Since his release April 2, Goldstein has been attempting to re-acclimate to life as a free man. He attended his first Passover Seder in a quarter of a century, had his first beer and started to explore the Internet.
Last week, he returned to his native Kansas for a five-day reunion with his mother, two brothers and a sister. He said he met for the first time nieces and nephews who had “known me as the uncle in the pen.”
Los Angeles County Superior Court Judge James B. Pierce freed Goldstein after prosecutors said that they would not retry Goldstein on charges that he had shotgunned John McGinest to death in November 1979.

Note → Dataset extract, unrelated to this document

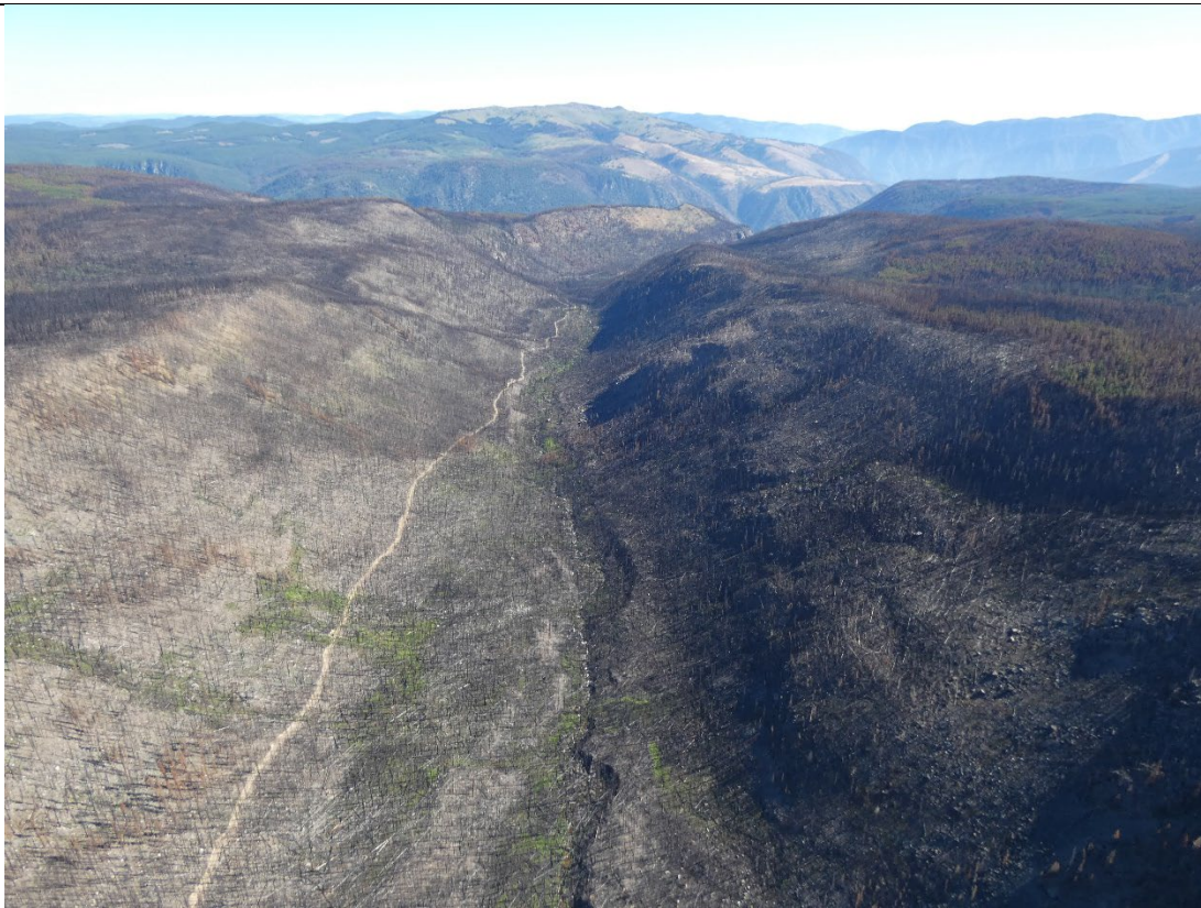
Photo 3: View north (downstream) along Lakeview Creek with access road to Cathedral Provincial Park visible on the left.

Pierce earlier had dealt a critical blow to the case when he ruled that prosecutors would not be allowed to present the transcript of testimony given at a 1980 trial by Loran Campbell, the only eyewitness against Goldstein.

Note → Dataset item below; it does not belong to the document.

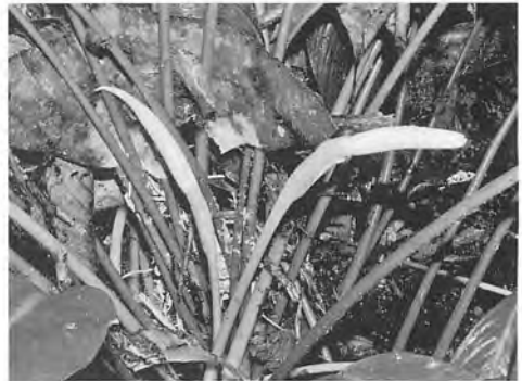
Fig. 16. Schismatoglottis multiflora Ridl. has a spathe limb persistent into the late stage of anthesis (left hand inflorescence is at the post-female/pre-male anthesis interval).
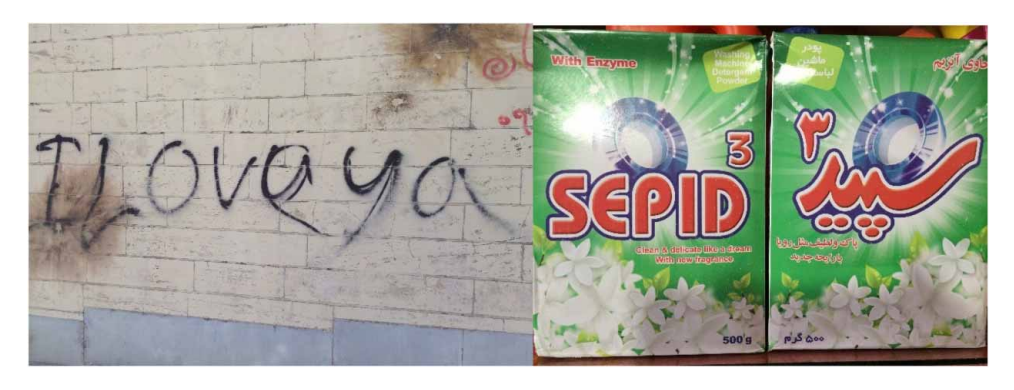
Figure 8. (Left) Writing on a wall. (right) SEPID detergent.

fashion (Figures 1 and 7); English is being cool (Figures 1 and 2); and English is for expression of love (Figure 8, left).

Campbell recanted his testimony in 2002 and died last year.
In recent years, five federal judges said Goldstein’s constitutional rights had been violated at the trial, where he was sentenced to 27 years to life in prison. Campbell’s testimony was improperly influenced by police officers, the judges ruled.
And the judges found that police and prosecutors had sat mute as longtime jailhouse informant Edward F. Fink -- who said Goldstein confessed to him in a jail cell -- lied when he testified that he had received no benefit for his testimony.
In reality, prosecutors had agreed to drop one case against Fink, a career criminal, and to reduce charges in another.
Goldstein, an honorably discharged Marine, was attending Long Beach City College and living in a garage near the scene of McGinest’s slaying when he was arrested in November 1979. Goldstein had always maintained his innocence and reiterated that Wednesday. No physical evidence tied him to the crime.
The claims filed this week asserted that police and prosecutors conspired to violate Goldstein’s civil rights, maliciously prosecuted him, falsely imprisoned him, defamed him and subjected him to emotional distress.
The complaint against Los Angeles County names two retired prosecutors, Kurt S. Seiffert and Timothy Browne, and Patrick Connolly, who represented the district attorney’s office in the most recent proceedings against Goldstein.
Sandi Gibbons, spokeswoman for the district attorney’s office, said, “We don’t comment on civil litigation.” H. Anthony Nicklin, principal deputy county counsel, said his office would respond within 45 days.
The complaint against the city of Long Beach names four officers -- John Henry Miller, William B. Collette, William McLyman and Logan Wren -- who worked on the investigation and prosecution of Goldstein and are now retired.
It also names detectives Perine Soth and Richard Birdsall, who allegedly violated an order by the U.S. 9th Circuit Court of Appeals that Goldstein be released forthwith.
Long Beach City Atty. Robert E. Shannon said he thought that Goldstein was barred from filing a claim against the city now because he filed a similar claim from prison in 1998.